Referencing cubes directly renders it's alias. For example it's handy to avoid name ambiguity in complex expressions:
cube(`Users`, {
sql: `select * from users`,
joins: {
Contacts: {
sql: `${CUBE}.contact_id = ${Contacts}.id`,
relationship: `hasOne`
}
}
dimensions: {
// primary key,
name: {
sql: `COALESCE(${CUBE}.name, ${Contacts}.name)`,
type: `string`
}
}
});
cube(`Contacts`, {
sql: `select * from contacts`
// primary key
});
Referencing foreign cube in sql parameter instructs Cube.js to build implicit join to this cube. For previous example following query
{
dimensions: ['Users.name']
}
leads to a join
select COALESCE("users".name, "contacts".name) "users__name"
FROM users "users"
LEFT JOIN contacts "contacts" ON "users".contact_id = "contacts".id
The sql
parameter specifies the SQL that will be used to generate a table that
will be queried by a cube. It can be any valid SQL query, but usually it takes the
form of a select * from my_table
query. Please note that you don't need to use
GROUP BY
in a SQL query on the cube level. This query should return a plain table,
without aggregations.
cube(`Orders`, {
sql: `SELECT * FROM orders`
});
You can reference others’ cubes SQL statement for code reuse.
cube(`Companies`, {
sql: `SELECT users.company_name, users.company_id FROM ${Users.sql()} AS users`
});
Use title
to change the display name of the cube.
By default, Cube.js will humanize the cube's name, so for instance, UsersOrder
would become Users Orders
. If default humanizing doesn't work in your case, please use the title parameter. It is highly recommended to give human readable names to your cubes.
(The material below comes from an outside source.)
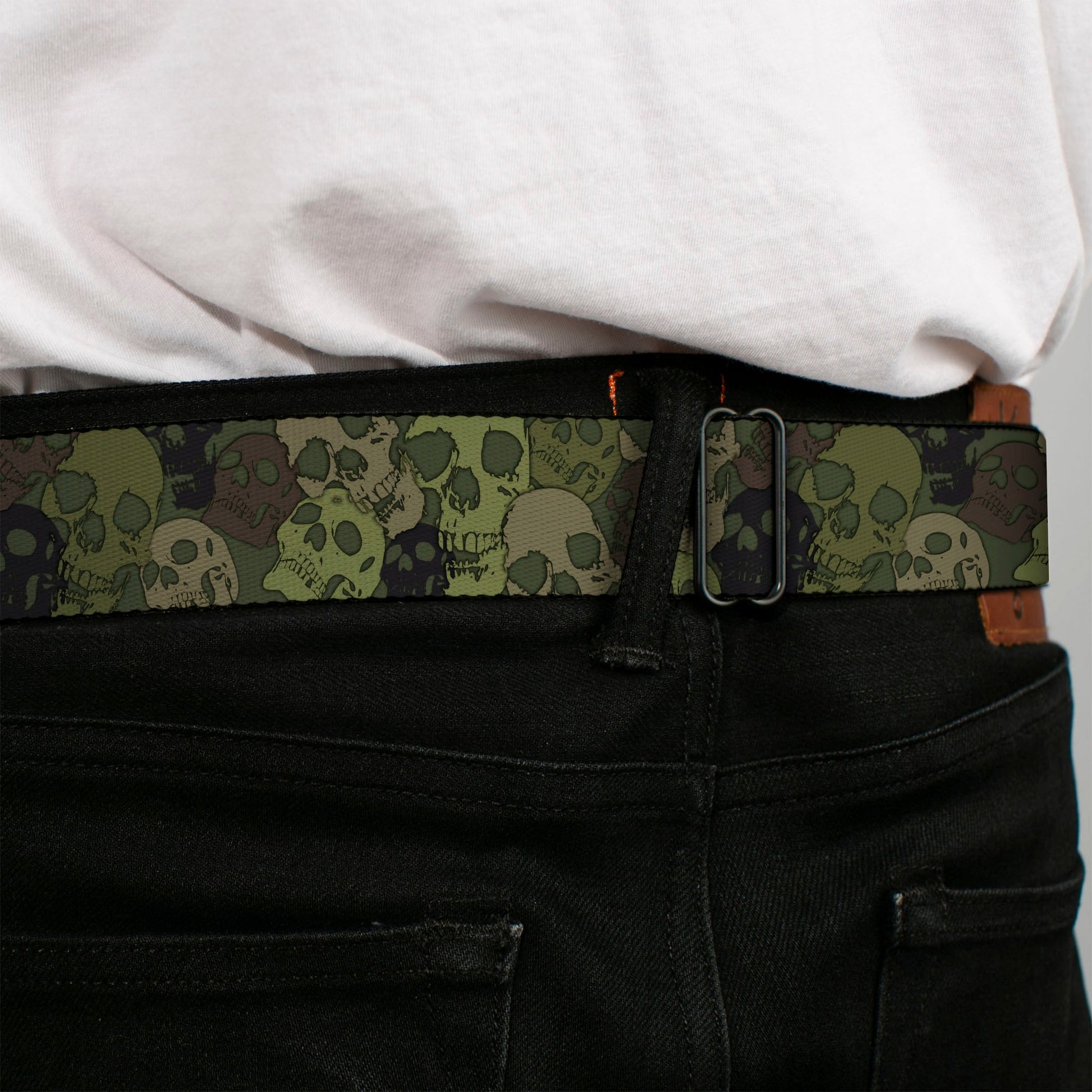 BD Wings Logo CLOSE-UP Full Color Black Silver Seatbelt Belt - Camo Olive Skull Yard Webbing

It will help everyone on a team better understand the data structure and will help maintain a consistent set of definitions across an organization.
cube(`Orders`, {
sql: `SELECT * FROM orders`,
title: `Product Orders`,
});
Use a description in your cubes to allow your team to better understand what this cube is about. It is a very simple and yet useful tool that gives a hint to everyone and makes sure data is interpreted correctly by users.
cube(`Orders`, {
sql: `SELECT * FROM orders`,
title: `Product Orders`,
description: `All orders related information`,
});
You can extend cubes in order to reuse all declared members of a cube.
In the example below, ExtendedOrderFacts
will reuse the sql
and count
measures from OrderFacts
:
cube(`OrderFacts`, {
sql: `SELECT * FROM orders`
measures: {
count: {
type: `count`,
sql: `id`
}
}
});
cube(`ExtendedOrderFacts`, {
extends: OrderFacts,
measures: {
doubleCount: {
type: `number`,
sql: `${count} * 2`
}
}
});
You can also omit the cube name while defining it.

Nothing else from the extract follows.